EXERCISE PROMPT: Records follow. Print exactly the lines from the one that has "대기자:6/12명 | |||" through the one that has "Jean-Baptiste Apollinaire Lebas, L'Obélisque", inclusive, and omit the pictures.

EXTRACTED DATA:
=== Section Start ===

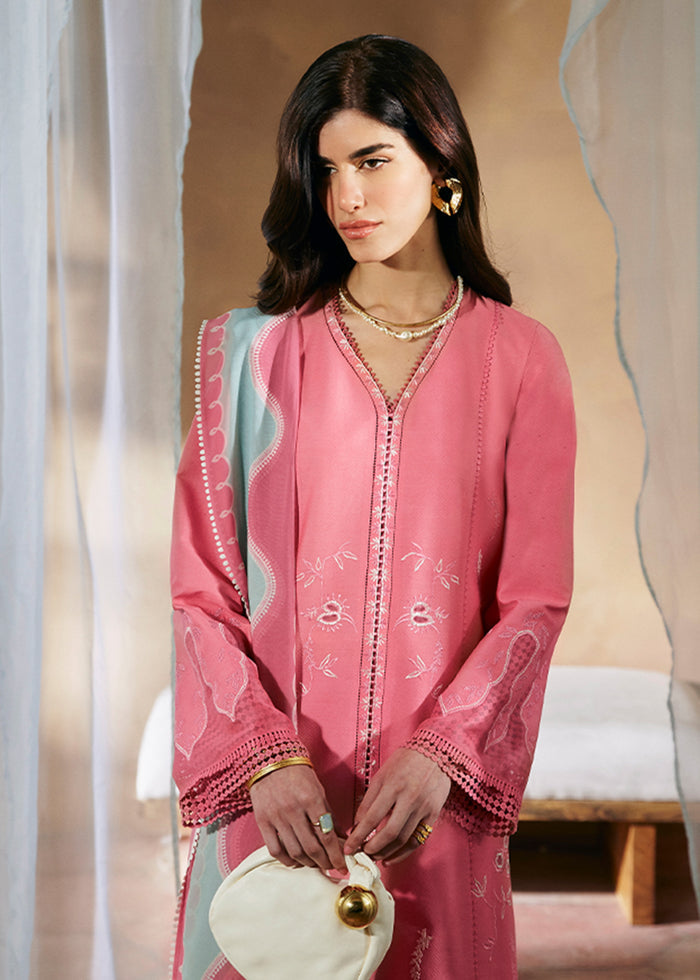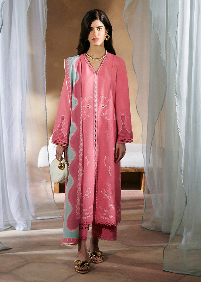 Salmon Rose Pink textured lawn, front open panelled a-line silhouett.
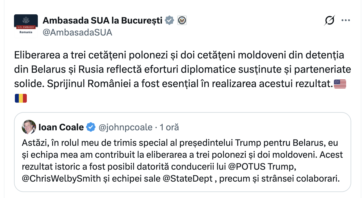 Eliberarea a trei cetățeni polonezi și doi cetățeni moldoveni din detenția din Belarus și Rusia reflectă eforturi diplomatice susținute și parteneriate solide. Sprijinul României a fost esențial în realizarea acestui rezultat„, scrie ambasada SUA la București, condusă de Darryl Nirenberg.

=== Section End ===
=== Section Start ===

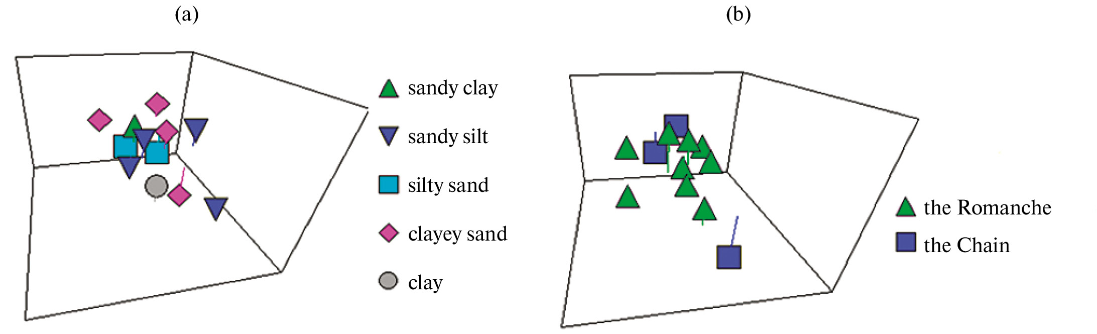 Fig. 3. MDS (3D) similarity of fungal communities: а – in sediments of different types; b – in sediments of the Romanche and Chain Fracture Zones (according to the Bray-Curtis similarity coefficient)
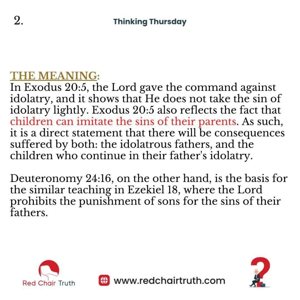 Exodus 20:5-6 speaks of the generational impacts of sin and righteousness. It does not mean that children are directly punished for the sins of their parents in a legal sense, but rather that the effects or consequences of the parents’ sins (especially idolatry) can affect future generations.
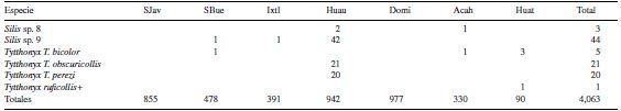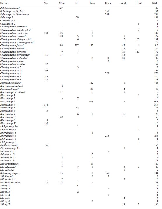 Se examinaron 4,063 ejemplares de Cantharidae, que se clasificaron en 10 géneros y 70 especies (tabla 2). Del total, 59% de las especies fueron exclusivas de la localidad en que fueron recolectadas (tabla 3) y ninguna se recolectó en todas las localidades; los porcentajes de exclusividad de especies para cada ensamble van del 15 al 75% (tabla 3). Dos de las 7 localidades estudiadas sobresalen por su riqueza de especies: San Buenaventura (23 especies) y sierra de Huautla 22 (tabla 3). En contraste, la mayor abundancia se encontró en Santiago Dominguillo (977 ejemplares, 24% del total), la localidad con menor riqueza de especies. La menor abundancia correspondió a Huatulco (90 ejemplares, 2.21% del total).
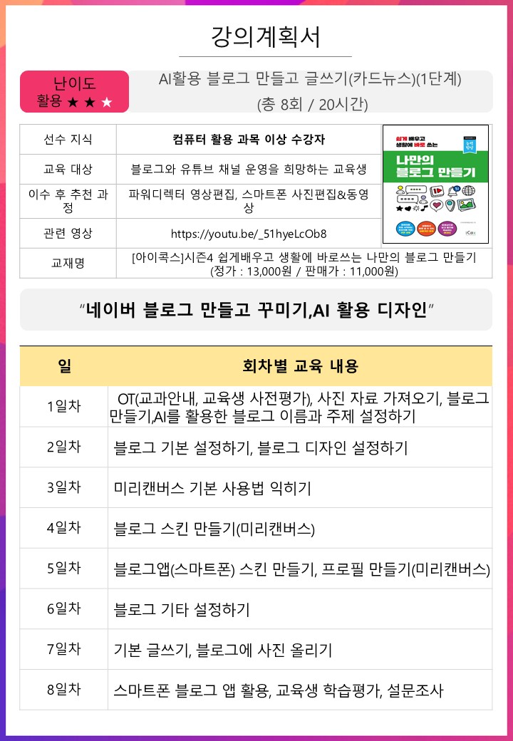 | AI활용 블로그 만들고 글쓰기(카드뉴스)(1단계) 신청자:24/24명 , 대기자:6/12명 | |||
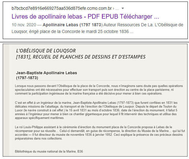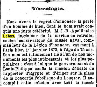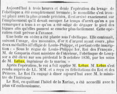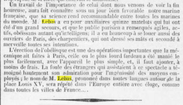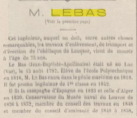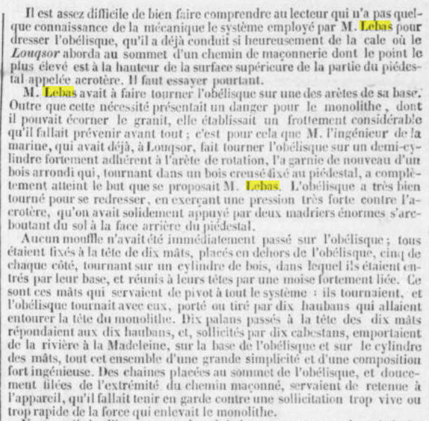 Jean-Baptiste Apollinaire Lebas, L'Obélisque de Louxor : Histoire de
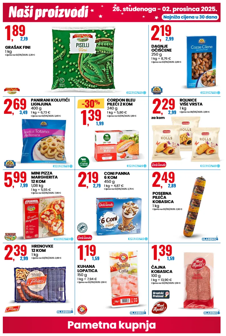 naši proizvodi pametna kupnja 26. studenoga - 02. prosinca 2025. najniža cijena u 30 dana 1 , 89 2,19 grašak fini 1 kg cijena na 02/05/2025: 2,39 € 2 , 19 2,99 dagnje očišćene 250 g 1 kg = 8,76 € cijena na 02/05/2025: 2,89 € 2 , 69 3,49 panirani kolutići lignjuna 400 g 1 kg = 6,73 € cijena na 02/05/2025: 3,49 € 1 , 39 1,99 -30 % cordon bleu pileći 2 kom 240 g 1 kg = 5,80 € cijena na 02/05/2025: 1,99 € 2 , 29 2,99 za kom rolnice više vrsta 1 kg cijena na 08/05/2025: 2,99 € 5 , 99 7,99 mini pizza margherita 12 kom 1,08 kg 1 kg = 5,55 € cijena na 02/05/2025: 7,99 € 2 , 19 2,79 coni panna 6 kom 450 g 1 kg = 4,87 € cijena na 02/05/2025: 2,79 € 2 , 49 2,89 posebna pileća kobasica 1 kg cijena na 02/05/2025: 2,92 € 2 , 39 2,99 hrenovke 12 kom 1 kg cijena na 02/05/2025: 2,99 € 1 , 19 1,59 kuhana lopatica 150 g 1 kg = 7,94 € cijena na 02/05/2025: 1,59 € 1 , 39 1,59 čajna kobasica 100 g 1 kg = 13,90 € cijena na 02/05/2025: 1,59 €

=== Section End ===

RESPONSE TO THIS TASK:
 | AI활용 블로그 만들고 글쓰기(카드뉴스)(1단계) 신청자:24/24명 , 대기자:6/12명 | |||
 Jean-Baptiste Apollinaire Lebas, L'Obélisque de Louxor : Histoire de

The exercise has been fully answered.